◆ Task brief
Give again, word for word, every line below from the one that has "NAVY E-LEARNING PMK" through the one that has "Entrou em vigor", both included, and no others.

◆ Available records
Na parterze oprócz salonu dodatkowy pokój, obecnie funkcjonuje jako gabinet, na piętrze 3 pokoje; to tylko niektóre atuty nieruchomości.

--

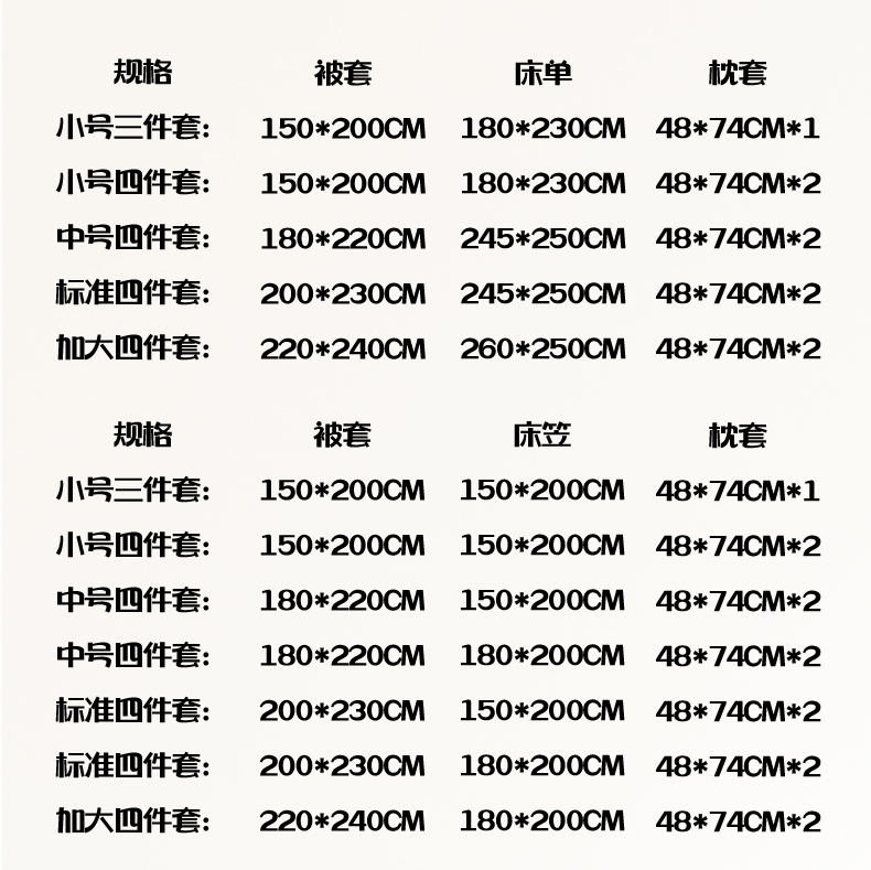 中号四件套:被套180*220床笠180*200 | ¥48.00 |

==

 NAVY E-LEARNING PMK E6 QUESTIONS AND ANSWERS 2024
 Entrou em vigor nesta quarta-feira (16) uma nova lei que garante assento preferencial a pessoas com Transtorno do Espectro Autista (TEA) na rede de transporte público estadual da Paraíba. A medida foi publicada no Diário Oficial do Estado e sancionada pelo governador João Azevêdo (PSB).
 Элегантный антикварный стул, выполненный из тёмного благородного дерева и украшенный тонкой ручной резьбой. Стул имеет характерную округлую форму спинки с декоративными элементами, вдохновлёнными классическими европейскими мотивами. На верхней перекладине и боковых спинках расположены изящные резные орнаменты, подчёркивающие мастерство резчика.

◆ Completed task
 NAVY E-LEARNING PMK E6 QUESTIONS AND ANSWERS 2024
 Entrou em vigor nesta quarta-feira (16) uma nova lei que garante assento preferencial a pessoas com Transtorno do Espectro Autista (TEA) na rede de transporte público estadual da Paraíba. A medida foi publicada no Diário Oficial do Estado e sancionada pelo governador João Azevêdo (PSB).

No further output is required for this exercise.